Last week, I took a meeting with an actor who was referred to me by a manager I cannot stand. Why did I do this? Because I don’t have to like everyone I work with. It would be nice if I did, but that wouldn’t be realistic.
In this case, the actor had a substantial résumé and was leaving a larger agency because he wanted more personal attention. This is exactly the sort of thing my company can provide, so I definitely wanted the guy on my list. The fact that his manager’s a douchebag is unfortunate, but totally beside the point. Hell, I’m sure the manager doesn’t care for me either, but he knows I’ll get the job done, and that’s all that matters.
This is a concept most actors fail to understand. You need to accept that a large chunk of your future will involve working side by side with people who turn your stomach. I only hope none of them are as bad as Harvey Weinstein. (Granted, he’s an extreme example destined for a very dark corner of hell.)
Now, imagine the day you finally land a series regular role. Hallelujah! You have arrived in the Promised Land. The only negative is that your co-star is a nut bar who makes your skin crawl.
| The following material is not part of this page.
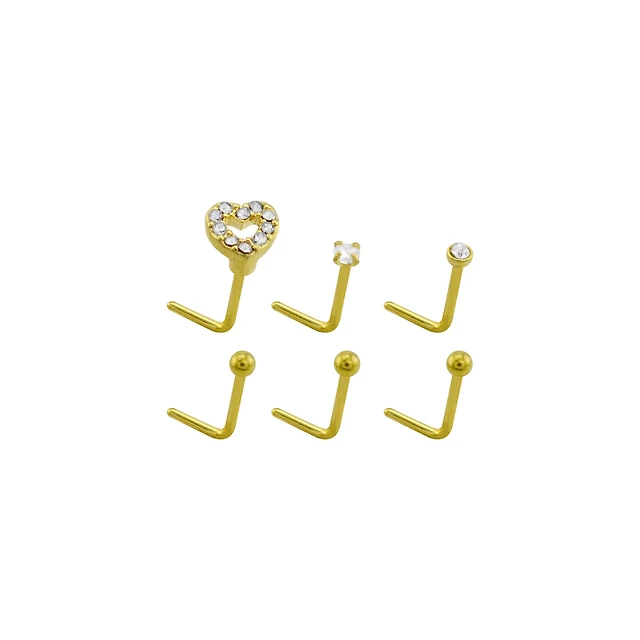 Multi-Pack CZ Goldplated Stone Heart L-Bend Nose Rings 6 Pack - 20 Gauge

Well, get over it, because your job is to deliver the goods, and your personal feelings about the other cast members are irrelevant. And don’t forget to smile when you film your first kissy-face scene with the actor in question.
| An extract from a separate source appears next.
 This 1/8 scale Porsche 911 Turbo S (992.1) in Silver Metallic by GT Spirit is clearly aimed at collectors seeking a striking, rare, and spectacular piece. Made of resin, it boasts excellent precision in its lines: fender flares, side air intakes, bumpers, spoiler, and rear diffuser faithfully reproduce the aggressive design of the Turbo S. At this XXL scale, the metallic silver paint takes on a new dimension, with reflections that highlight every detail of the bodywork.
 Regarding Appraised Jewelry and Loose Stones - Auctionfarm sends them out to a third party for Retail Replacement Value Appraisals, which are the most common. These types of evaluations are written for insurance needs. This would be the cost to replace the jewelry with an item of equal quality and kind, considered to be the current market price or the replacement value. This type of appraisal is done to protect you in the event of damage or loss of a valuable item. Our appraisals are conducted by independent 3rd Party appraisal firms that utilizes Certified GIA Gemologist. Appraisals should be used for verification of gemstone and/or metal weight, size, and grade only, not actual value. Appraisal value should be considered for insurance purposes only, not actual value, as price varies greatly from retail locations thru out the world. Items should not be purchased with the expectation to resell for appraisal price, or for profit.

Now let’s bring this home to us: actors and agents.
People (who are these “people”?) will always tell you to sign with the agent you like most. I say that’s absurd. The truth is that you don’t have to like your agent. It helps, but it’s not necessary. You want the rep who gets you, the one you can talk to, the one with enough passion to get you in the room. Because at the end of the day, that’s all that matters. What good is an agent you can enjoy a spot of tea with if the dude isn’t knocking down doors with his massive personality?
About five years ago, I tried to sign an actor who ended up going with another company. He had been referred to me by a casting director, so I called her up to see if she had any insight on why he passed. Turns out the actor didn’t like me because I seemed too aggressive. WTF? Isn’t that exactly the kind of quality actors need in their reps? Who wants to work with a laid-back agent?
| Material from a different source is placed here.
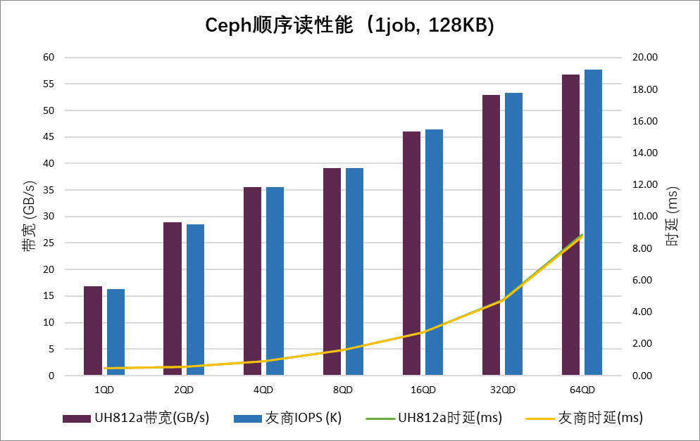 隨著QD數量的增加(QD在64之內),帶寬顯著增長,時延增長緩慢。QD為64時,UH812a順序讀帶寬超過56GB/s,時延為8.85毫秒,平均性能與友商持平;順序寫帶寬超過15.3GB/s,時延為32.88毫秒,平均帶寬超出友商3.15%,平均時延低于友商1.68%。
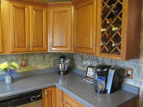 New leaf guard gutters in 2010, along with roof and vinyl siding; deck had rustolium restore applied in 2013; sliders to deck; new furnace and water heater in 2005; private deck off back, easy living ranch style with updated kitchen. Utility shed.

Remember, if we’re working together, I’m not your friend. I’m your agent. And depending on our relationship, we might grow close and share personal information, but I have no interest in spending the weekend with you in Wine Country.
Acting attracts creative people who wear their emotions on their sleeves. That’s an admirable quality, but you have to be careful. You can’t expect to always be surrounded by people you love, because sooner or later, they will break your heart. So learn to work well with everyone and never view your professional relationships as personal ones.